Task statement: The required output is the stretch from the line containing "副校长刘茂盛(左)走访慰问老党员江红(中) 章艳宇/摄" through the line containing "2020年11月21日,铁路" in the records below, unaltered and with no pictures.

Record excerpts:
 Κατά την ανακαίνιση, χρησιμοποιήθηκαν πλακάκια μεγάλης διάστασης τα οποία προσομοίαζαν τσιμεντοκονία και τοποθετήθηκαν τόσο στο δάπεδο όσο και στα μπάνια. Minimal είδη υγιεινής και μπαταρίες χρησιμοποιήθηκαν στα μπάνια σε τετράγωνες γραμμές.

==

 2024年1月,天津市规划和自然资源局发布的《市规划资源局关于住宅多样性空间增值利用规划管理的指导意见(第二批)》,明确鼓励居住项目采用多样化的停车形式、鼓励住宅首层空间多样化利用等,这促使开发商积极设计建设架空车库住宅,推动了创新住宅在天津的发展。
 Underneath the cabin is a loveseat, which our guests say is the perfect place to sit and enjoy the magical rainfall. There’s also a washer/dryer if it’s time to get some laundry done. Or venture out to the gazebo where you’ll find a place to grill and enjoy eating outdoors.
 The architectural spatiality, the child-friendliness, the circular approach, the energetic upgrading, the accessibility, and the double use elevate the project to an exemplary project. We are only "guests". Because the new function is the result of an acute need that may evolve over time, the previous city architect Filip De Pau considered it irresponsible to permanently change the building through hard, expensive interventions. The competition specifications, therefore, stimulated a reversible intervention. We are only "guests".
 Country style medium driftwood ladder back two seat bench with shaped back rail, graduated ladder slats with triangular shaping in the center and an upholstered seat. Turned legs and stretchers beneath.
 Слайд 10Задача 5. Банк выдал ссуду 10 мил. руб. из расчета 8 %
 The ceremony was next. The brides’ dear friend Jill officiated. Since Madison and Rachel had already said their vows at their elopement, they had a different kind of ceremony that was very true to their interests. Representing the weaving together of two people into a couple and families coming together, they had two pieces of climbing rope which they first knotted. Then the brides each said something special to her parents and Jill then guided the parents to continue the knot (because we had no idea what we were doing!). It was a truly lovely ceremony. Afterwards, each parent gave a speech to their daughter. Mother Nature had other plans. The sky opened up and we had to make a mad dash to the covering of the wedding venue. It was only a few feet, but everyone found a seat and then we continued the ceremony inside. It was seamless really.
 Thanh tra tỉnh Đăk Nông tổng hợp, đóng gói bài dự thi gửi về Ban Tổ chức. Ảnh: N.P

---

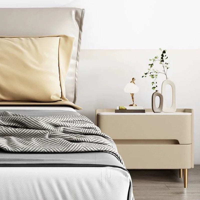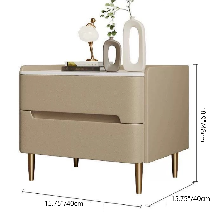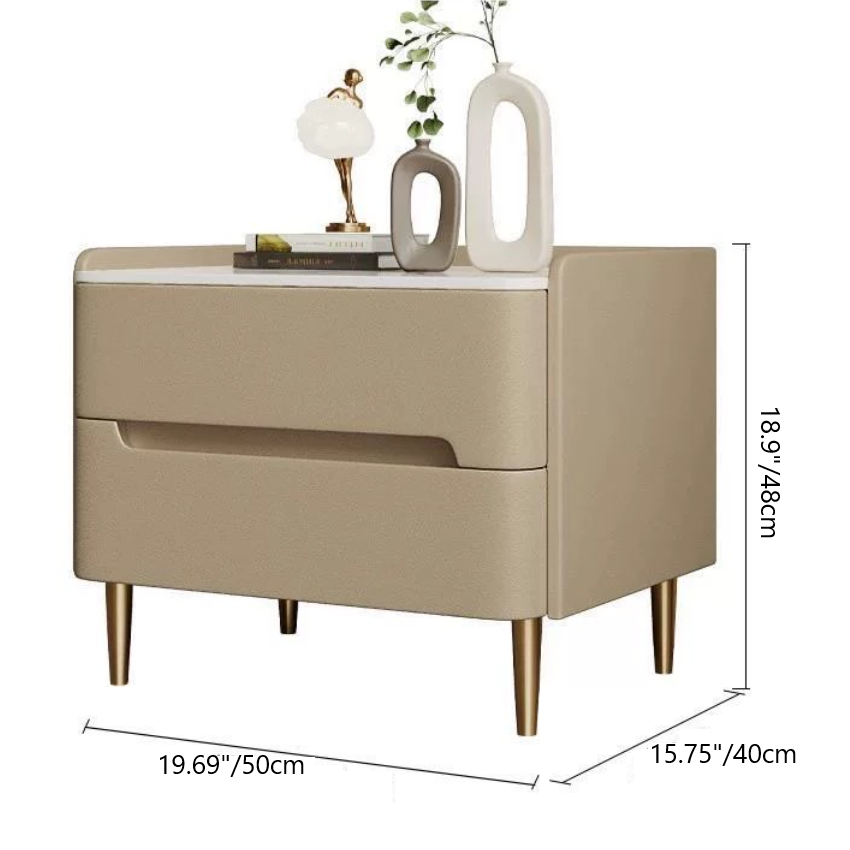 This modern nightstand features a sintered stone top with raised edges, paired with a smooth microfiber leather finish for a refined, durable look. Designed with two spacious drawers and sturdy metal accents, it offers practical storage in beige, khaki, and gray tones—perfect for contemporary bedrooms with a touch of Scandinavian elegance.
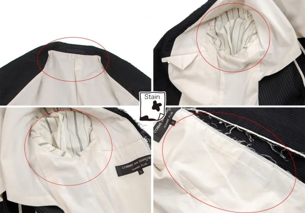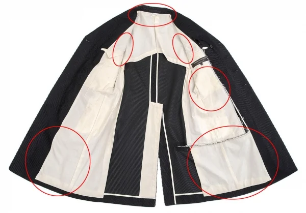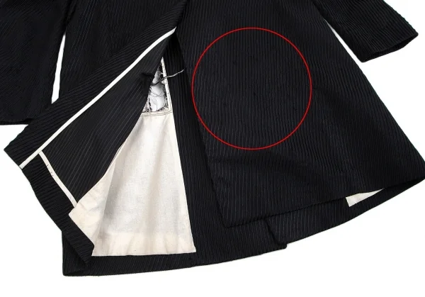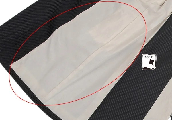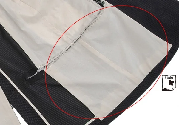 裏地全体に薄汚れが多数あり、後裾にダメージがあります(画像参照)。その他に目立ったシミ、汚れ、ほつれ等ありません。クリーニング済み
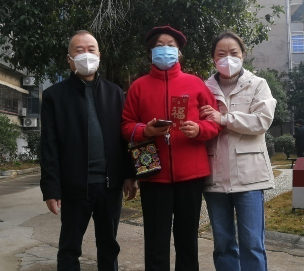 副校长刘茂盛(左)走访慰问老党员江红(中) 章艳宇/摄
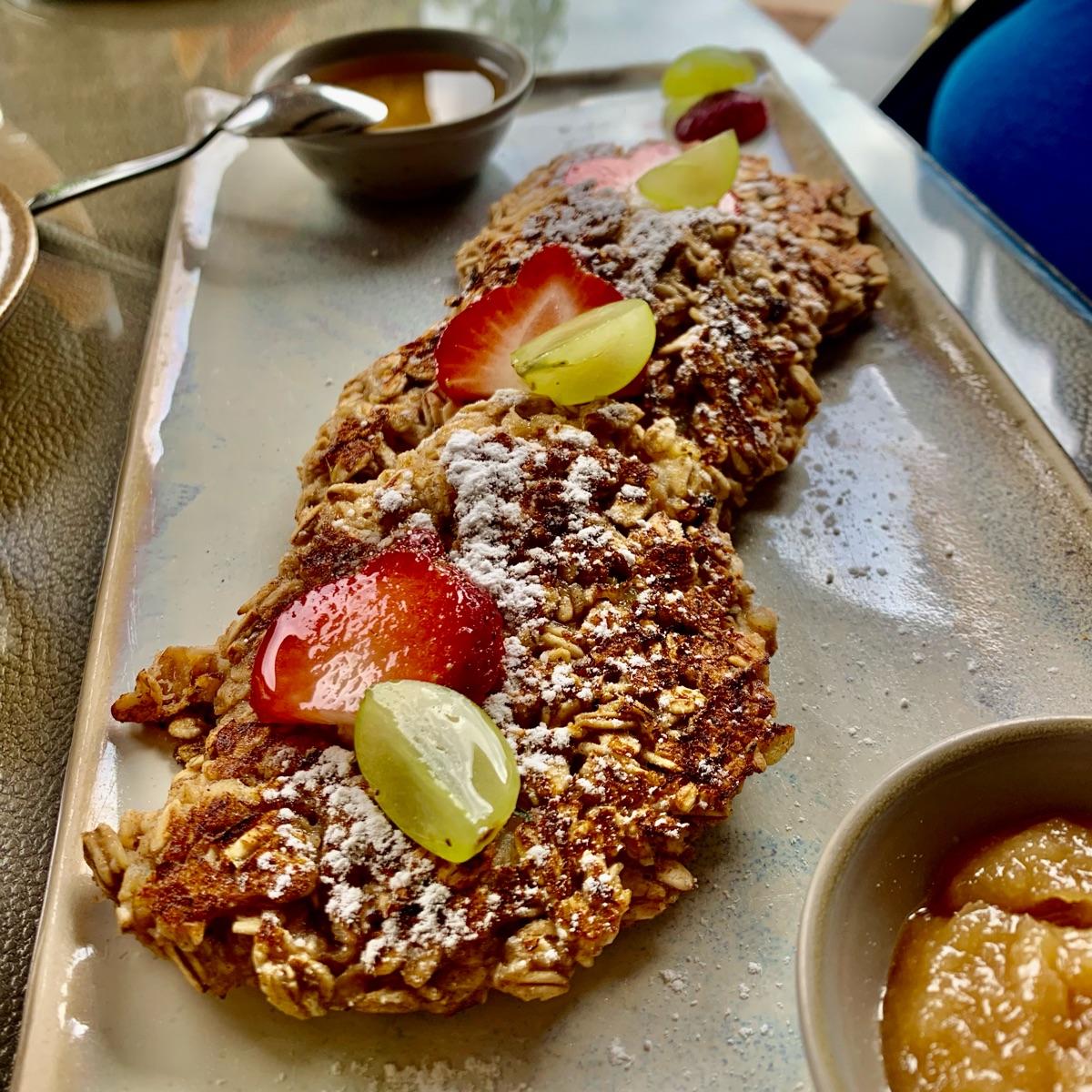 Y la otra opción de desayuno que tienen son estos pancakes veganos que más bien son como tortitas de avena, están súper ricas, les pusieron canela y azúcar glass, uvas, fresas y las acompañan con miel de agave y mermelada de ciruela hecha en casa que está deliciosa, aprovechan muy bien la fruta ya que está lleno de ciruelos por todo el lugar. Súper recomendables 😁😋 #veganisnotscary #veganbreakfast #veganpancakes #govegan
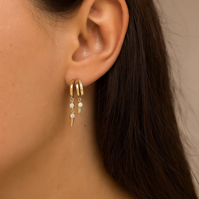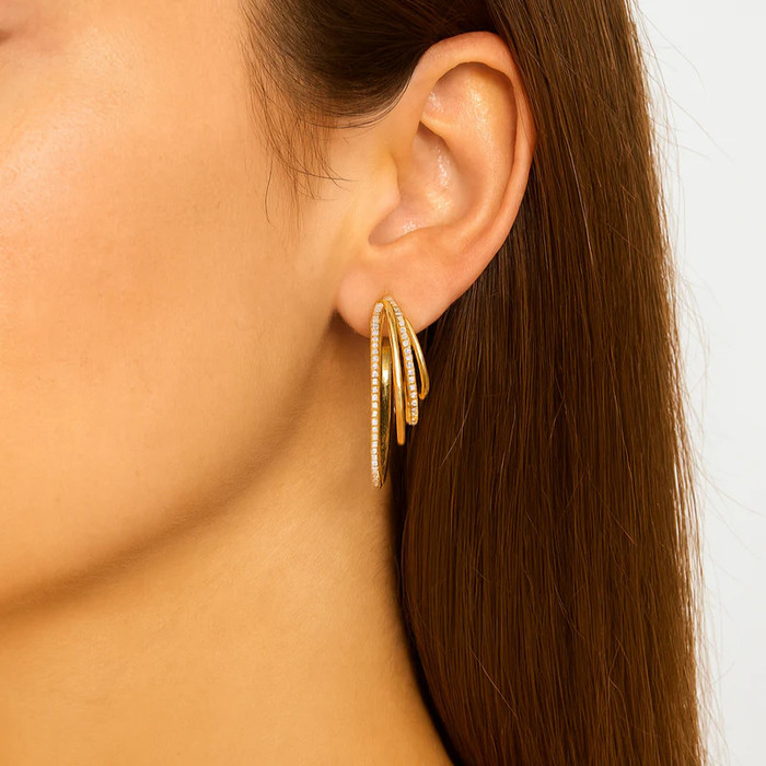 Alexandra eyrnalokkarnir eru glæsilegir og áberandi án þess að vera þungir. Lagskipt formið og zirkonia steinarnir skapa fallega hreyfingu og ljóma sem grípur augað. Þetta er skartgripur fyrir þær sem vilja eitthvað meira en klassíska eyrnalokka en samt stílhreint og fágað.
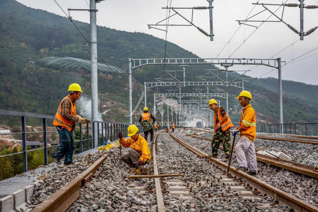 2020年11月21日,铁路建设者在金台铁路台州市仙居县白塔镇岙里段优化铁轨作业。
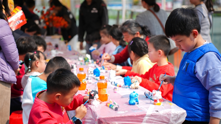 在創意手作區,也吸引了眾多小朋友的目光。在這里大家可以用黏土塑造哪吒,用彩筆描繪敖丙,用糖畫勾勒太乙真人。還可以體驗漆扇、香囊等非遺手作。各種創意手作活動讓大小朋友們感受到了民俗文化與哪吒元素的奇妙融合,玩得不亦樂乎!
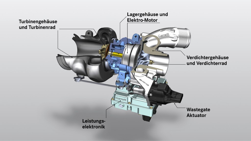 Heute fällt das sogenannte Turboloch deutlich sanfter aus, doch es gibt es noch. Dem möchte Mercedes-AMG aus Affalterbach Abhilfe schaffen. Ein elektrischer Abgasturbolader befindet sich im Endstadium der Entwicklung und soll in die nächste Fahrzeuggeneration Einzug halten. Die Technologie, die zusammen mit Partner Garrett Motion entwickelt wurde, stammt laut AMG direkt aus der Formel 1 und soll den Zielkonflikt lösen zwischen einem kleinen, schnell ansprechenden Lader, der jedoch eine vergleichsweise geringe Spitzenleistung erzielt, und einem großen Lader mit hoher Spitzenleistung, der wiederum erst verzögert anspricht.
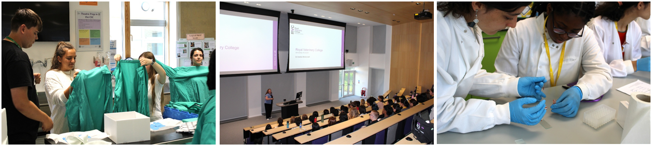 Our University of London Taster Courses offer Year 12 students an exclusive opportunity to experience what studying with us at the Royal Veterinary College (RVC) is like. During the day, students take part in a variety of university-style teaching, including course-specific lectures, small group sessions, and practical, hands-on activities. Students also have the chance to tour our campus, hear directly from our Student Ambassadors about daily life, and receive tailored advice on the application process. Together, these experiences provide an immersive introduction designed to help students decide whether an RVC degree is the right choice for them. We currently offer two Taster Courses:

Response to the task:
 副校长刘茂盛(左)走访慰问老党员江红(中) 章艳宇/摄
 Y la otra opción de desayuno que tienen son estos pancakes veganos que más bien son como tortitas de avena, están súper ricas, les pusieron canela y azúcar glass, uvas, fresas y las acompañan con miel de agave y mermelada de ciruela hecha en casa que está deliciosa, aprovechan muy bien la fruta ya que está lleno de ciruelos por todo el lugar. Súper recomendables 😁😋 #veganisnotscary #veganbreakfast #veganpancakes #govegan
 Alexandra eyrnalokkarnir eru glæsilegir og áberandi án þess að vera þungir. Lagskipt formið og zirkonia steinarnir skapa fallega hreyfingu og ljóma sem grípur augað. Þetta er skartgripur fyrir þær sem vilja eitthvað meira en klassíska eyrnalokka en samt stílhreint og fágað.
 2020年11月21日,铁路建设者在金台铁路台州市仙居县白塔镇岙里段优化铁轨作业。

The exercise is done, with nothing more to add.